▸ Problem to work on
Do not repeat pictures. Repeat exactly the lines of the listing below from its first line through the line with "其中指出,企業(yè)降幅達".

▸ Data below
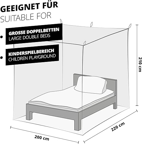 Lumaland Moustiquaire 200x220x210cm pour par ex. un lit double, convient aussi à l'extérieur | Protection contre les insectes particulièrement renforcée et robuste | Mailles fines, longue durée de vie
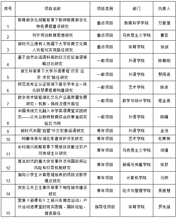本网讯 (通讯员 刘菲)近日,湖北省教育厅公布了2022年度省教育厅哲学社会科学研究项目、专项任务项目(高校学生工作品牌)立项名单和2019-2021年度湖北省高等学校哲学社会科学研究优秀成果入选名单。我校有19个项目获立项资助,2项科研成果入选优秀成果。(新闻中心编辑 程丽鹃)
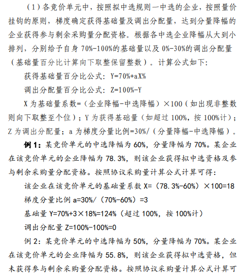 其中指出,企業(yè)降幅達到中選降幅的,獲得擬中選資格;企業(yè)降幅達分量降幅的,獲得參與剩余采購量分配資格。
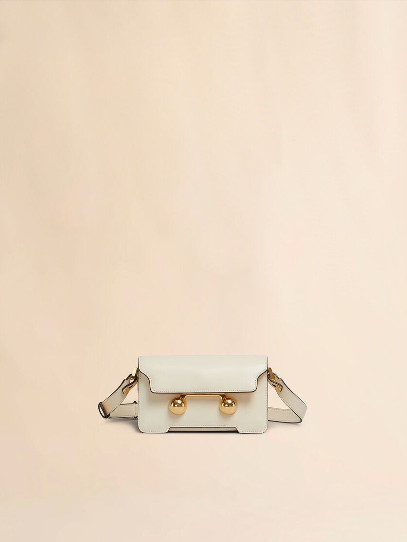 Mála gualainn beag dronuilleogach Trunkaroo déanta as leathar lao. Flap tosaigh le dúnadh maighnéadach, le litreacha Marni greanta agus sonraí stodaí rómhóra. Bonn comhrianta ar an tosaigh agus ar chúl. Urrann amháin le póca istigh. Líneáilte le leathar nappa. Strap gualainn búcla inscortha agus inchoigeartaithe: is féidir é a chaitheamh mar chluas freisin.

▸ Result
 Lumaland Moustiquaire 200x220x210cm pour par ex. un lit double, convient aussi à l'extérieur | Protection contre les insectes particulièrement renforcée et robuste | Mailles fines, longue durée de vie
本网讯 (通讯员 刘菲)近日,湖北省教育厅公布了2022年度省教育厅哲学社会科学研究项目、专项任务项目(高校学生工作品牌)立项名单和2019-2021年度湖北省高等学校哲学社会科学研究优秀成果入选名单。我校有19个项目获立项资助,2项科研成果入选优秀成果。(新闻中心编辑 程丽鹃)
 其中指出,企業(yè)降幅達到中選降幅的,獲得擬中選資格;企業(yè)降幅達分量降幅的,獲得參與剩余采購量分配資格。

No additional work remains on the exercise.